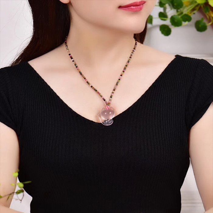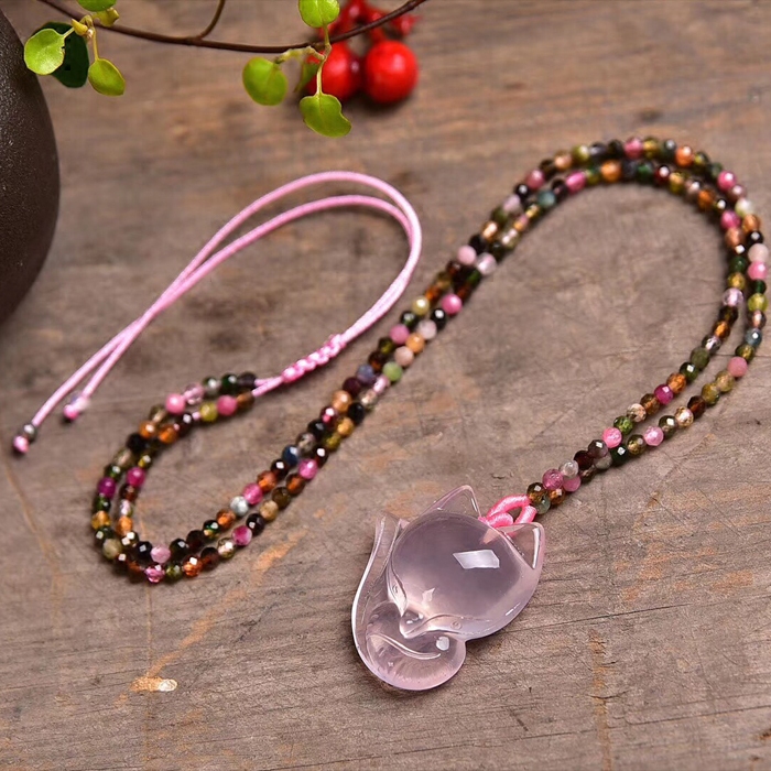 天然粉水晶狐仙碧玺项链绳吊坠
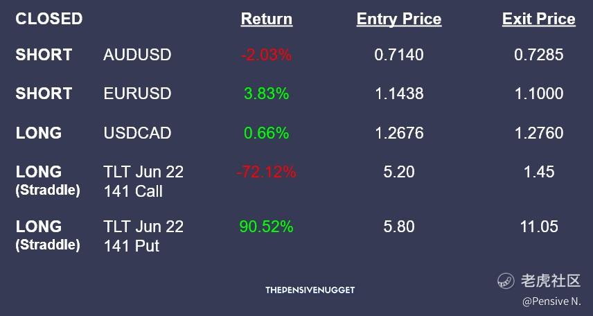 - Exited straddle on TLT in anticipation of long yields turning lower, for a net gain of 18.4%
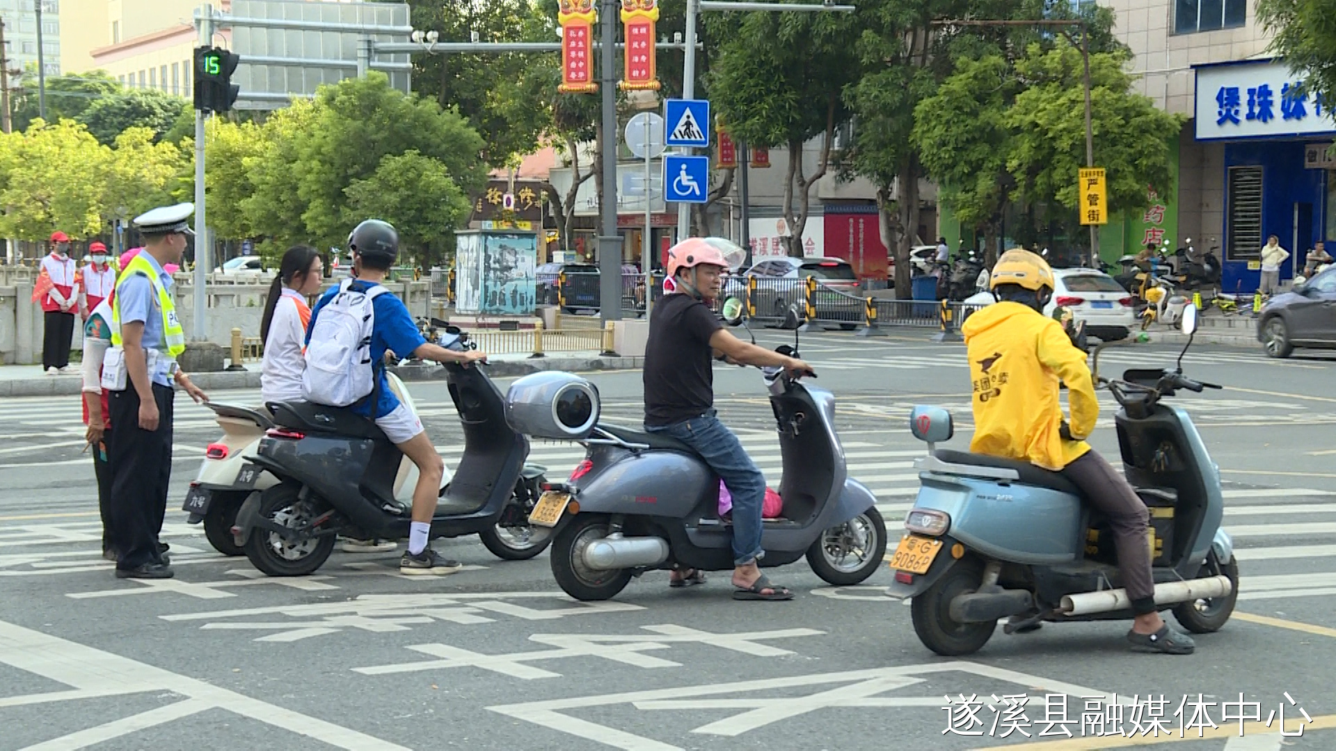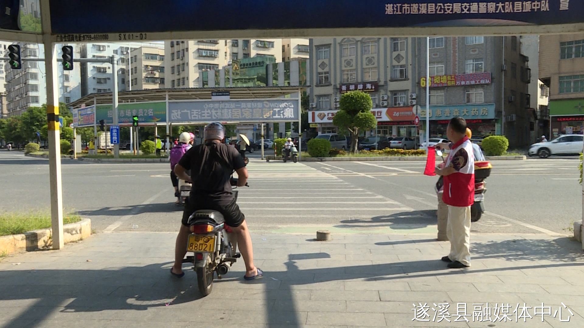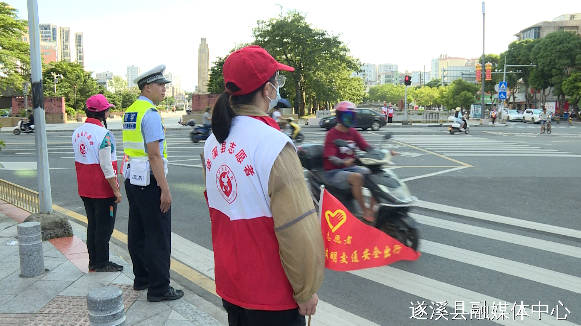 9月17日,记者在遂城各红绿灯路口看到,志愿者手执小红旗,配合交警维护交通秩序,对未佩戴安全头盔、不礼让行人、逆行、闯红灯等交通违法行为进行文明劝导教育,引导广大交通参与者自觉遵守交通法规,摒弃交通陋习,养成良好出行习惯。
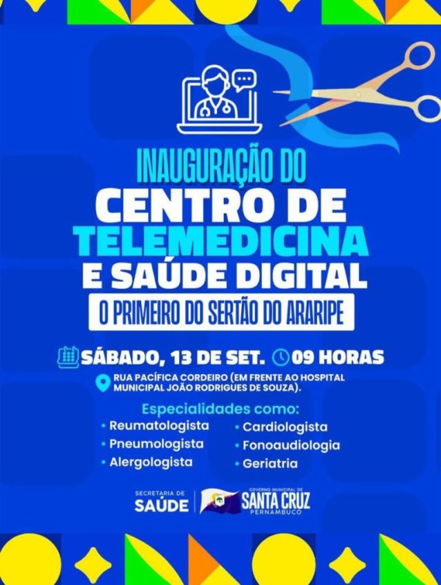 No sábado, 13 de setembro, Santa Cruz inaugura um marco para a saúde regional: o Centro Municipal de Telemedicina e Saúde Digital, pioneiro no Sertão do Araripe. O evento está marcado para as 9h, em frente ao Hospital Municipal João Rodrigues de Souza, na Rua Pacífica Cordeiro.
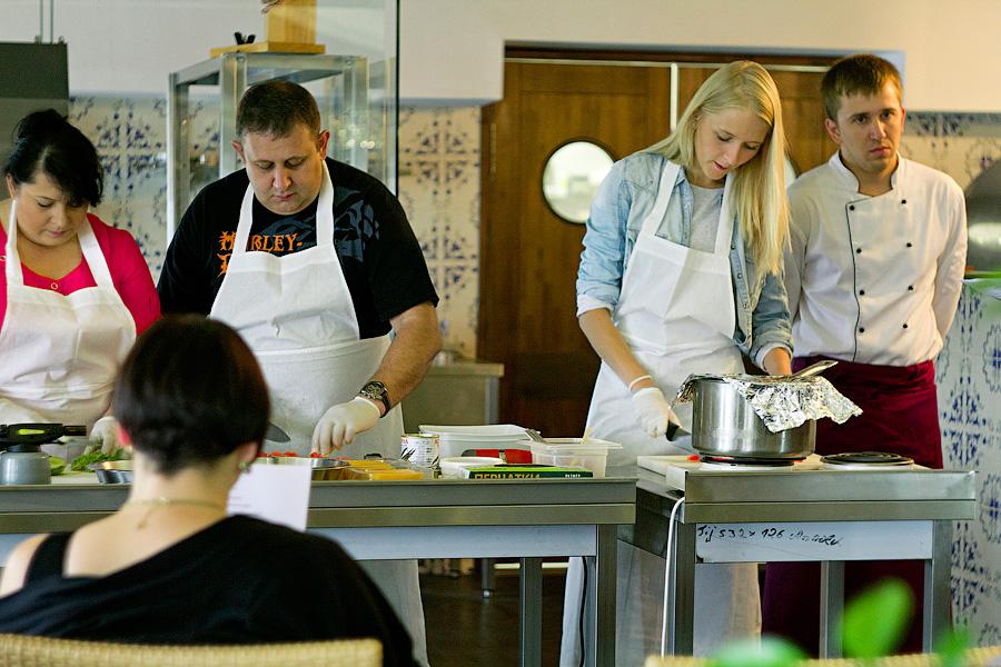Каждому участнику курсов выдается тарелка, к кастрюлям с супом выстраивается очередь: «Вы должны попробовать налить и смешать его сами. Пусть это получится не так красиво, как у меня, но ничего страшного, зато в следующий раз, у себя на кухне вы будете это делать уже просто мастерски».
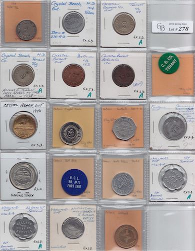 Includes: Bo 275-A-D Lincoln Hotel Crystal Beach Rev: 10c; Crystal Beach Tenant Co. WM c/s 59; as precious c/s 78; as previous c/s 203; as previous copper c/s 153; as previous c/s 170; C.B. Co. Tenant bi facial; Crystal Beach 1890 to 1940; Crystal Beach Baja Buggies; Bo 380-A-B A. Railton Fonthill Rev: 50; Dominion Canners Fonthill Rev: tomatoes in 1982 supp; Fort Erie $1 casino coin; R.C.L. Fort Erie; Bo 716-A-F C.B. Reece North Pelham Rev: turkey; Bo 1126-A-R Welland 15c service; Bo 1126-B-A Welland 32 Cross st.; Empire Cotton Mills Welland Rev: 5c; Welland Co. Hospital parking. F to EF. 18 Pcs.
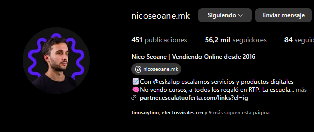 "Ejemplos de cómo se posicionan los perfiles en Instagram junto con los servicios que ofrecen. El perfil de Nico Seoane destaca su experiencia en la venta online, mientras que el del Globo Infernal muestra su faceta como músico y cantante. Cada uno utiliza su plataforma para conectarse con su audiencia y promover sus servicios de manera efectiva."
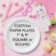 Custom personalized blank template ROUND Paper Plates - Large 9" diameter. Set of 8 disposable party plates.
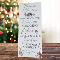Celebrate the joy and warmth of the festive season with the Duffy & Porter Christmas Moments Sign. Measuring approximately 35x14cm, this charming sign is designed to capture the essence of Christmas with delightful references to hot chocolate, winter walks, sledging, woolly jumpers, snow days, and Christmas markets.
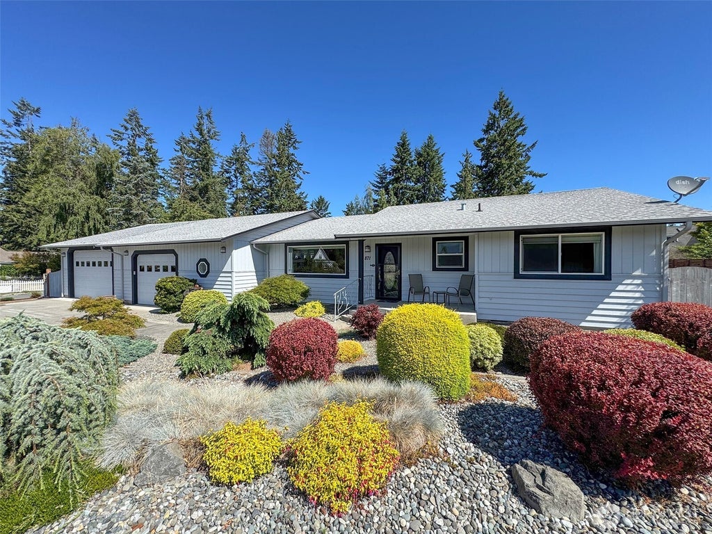 This well designed one level home is perfectly placed to enjoy partial, yet unblockable, views of the Olympic Mountains and the Sunland Golf Course's 7th hole fairway. Beautifully landscaped for low maintenance in both the front yard & in the fully fenced back yard. The oversized finished garage & HUGE adjacent shop with heat and A/C are perfect for hobbies, crafts, toys, or storage. The covered front porch welcomes you home to a vaulted ceiling living area with a cozy electric fireplace. Ample kitchen with granite countertops, a skylight, & plenty of cabinet space. Huge office/den with the primary & guest bedroom on the opposite side of the home. Enjoy sunny evenings on the back deck and take in all that Sunland & Sequim have to offer.
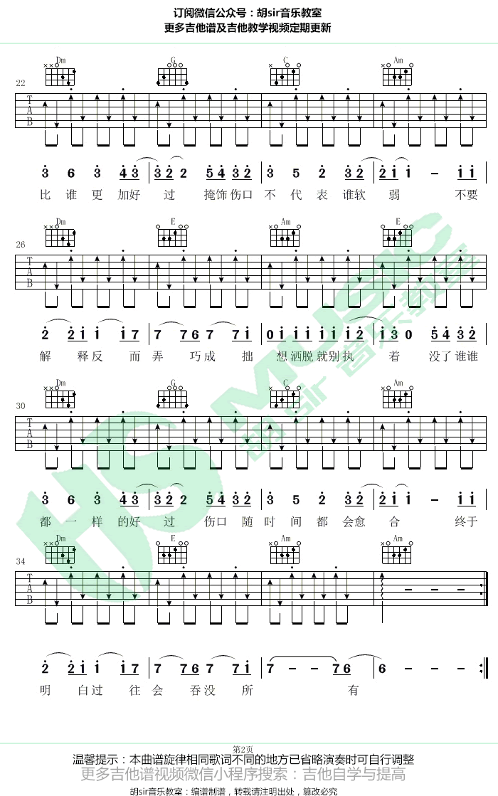 曲谱介绍: 任然《外愈》吉他谱,原调降E,选用C调指法,简单版弹唱谱,胡sir音乐教室编配出品,并带来吉他视频演示,91吉他谱上传分享。你带来的伤痛外愈就好 ,一首伤感的网络歌曲。
☆ ☆ ☆ ☆ ☆ ☆ ☆
» How to complete this task
Looking at the listing above, which lines run from the one containing "cómo se posicionan" through the one containing "Celebrate the joy"? Print exactly those, ends included, pictures excluded.

» Exercise result
 "Ejemplos de cómo se posicionan los perfiles en Instagram junto con los servicios que ofrecen. El perfil de Nico Seoane destaca su experiencia en la venta online, mientras que el del Globo Infernal muestra su faceta como músico y cantante. Cada uno utiliza su plataforma para conectarse con su audiencia y promover sus servicios de manera efectiva."
 Custom personalized blank template ROUND Paper Plates - Large 9" diameter. Set of 8 disposable party plates.
Celebrate the joy and warmth of the festive season with the Duffy & Porter Christmas Moments Sign. Measuring approximately 35x14cm, this charming sign is designed to capture the essence of Christmas with delightful references to hot chocolate, winter walks, sledging, woolly jumpers, snow days, and Christmas markets.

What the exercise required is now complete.